--- Data shown ---
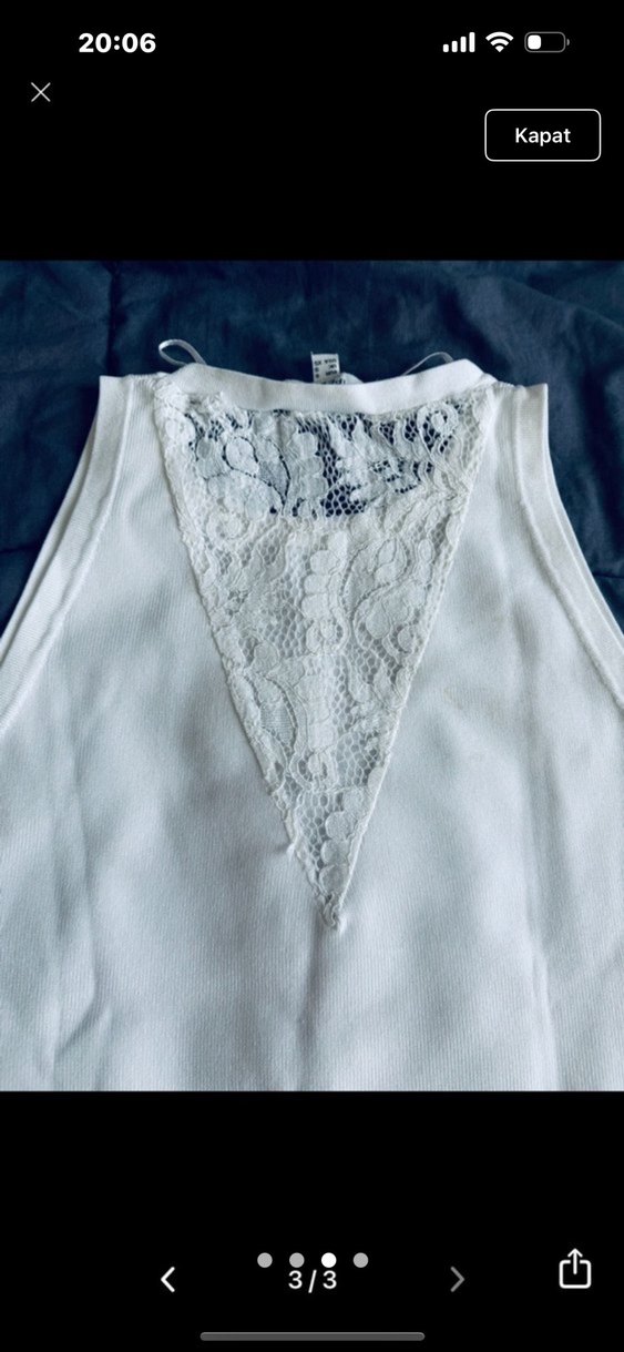 Beyaz kolsuz atlet, sırtında dantel detayına sahip. İnce kesim ve kısa boyda, yumuşak sentetik kumaştan, bohem Yepyeni
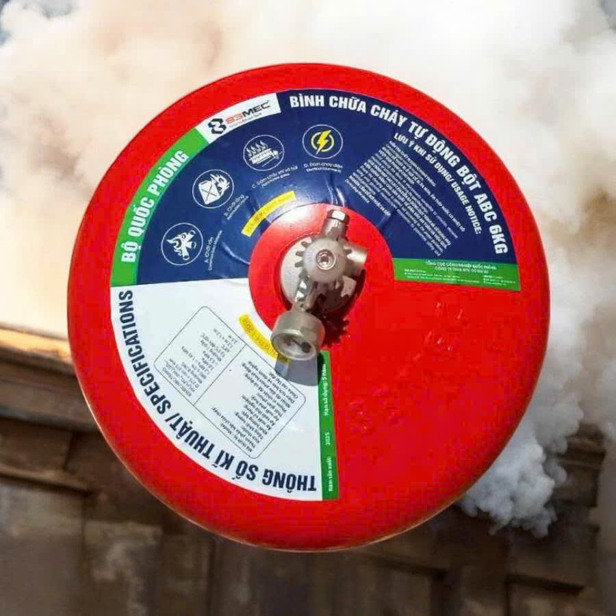 Bình cầu chữa cháy tự động 83Mec bột ABC 6kg là thiết bị phòng cháy chữa cháy dạng treo trần, tự động kích hoạt khi nhiệt độ môi trường đạt ngưỡng quy định. Sản phẩm được sản xuất bởi 83Mec – đơn vị trực thuộc Bộ Quốc Phòng, đạt tiêu chuẩn kiểm định PCCC theo quy định hiện hành.
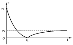 4、计算题 从地面上以初速度v0竖直向上抛出一质量为m的球,若运动过程中受到的空气阻力与其速率成正比关系,球运动的速率随时间变化规律如图所示,t1时刻到达最高点,再落回地面,落地时速率为v1,且落地前球已经做匀速运动。求:
---
Copy out all the data above exactly as written. Skip the pictures.

Solution to this exercise -
 Beyaz kolsuz atlet, sırtında dantel detayına sahip. İnce kesim ve kısa boyda, yumuşak sentetik kumaştan, bohem Yepyeni
 Bình cầu chữa cháy tự động 83Mec bột ABC 6kg là thiết bị phòng cháy chữa cháy dạng treo trần, tự động kích hoạt khi nhiệt độ môi trường đạt ngưỡng quy định. Sản phẩm được sản xuất bởi 83Mec – đơn vị trực thuộc Bộ Quốc Phòng, đạt tiêu chuẩn kiểm định PCCC theo quy định hiện hành.
 4、计算题 从地面上以初速度v0竖直向上抛出一质量为m的球,若运动过程中受到的空气阻力与其速率成正比关系,球运动的速率随时间变化规律如图所示,t1时刻到达最高点,再落回地面,落地时速率为v1,且落地前球已经做匀速运动。求:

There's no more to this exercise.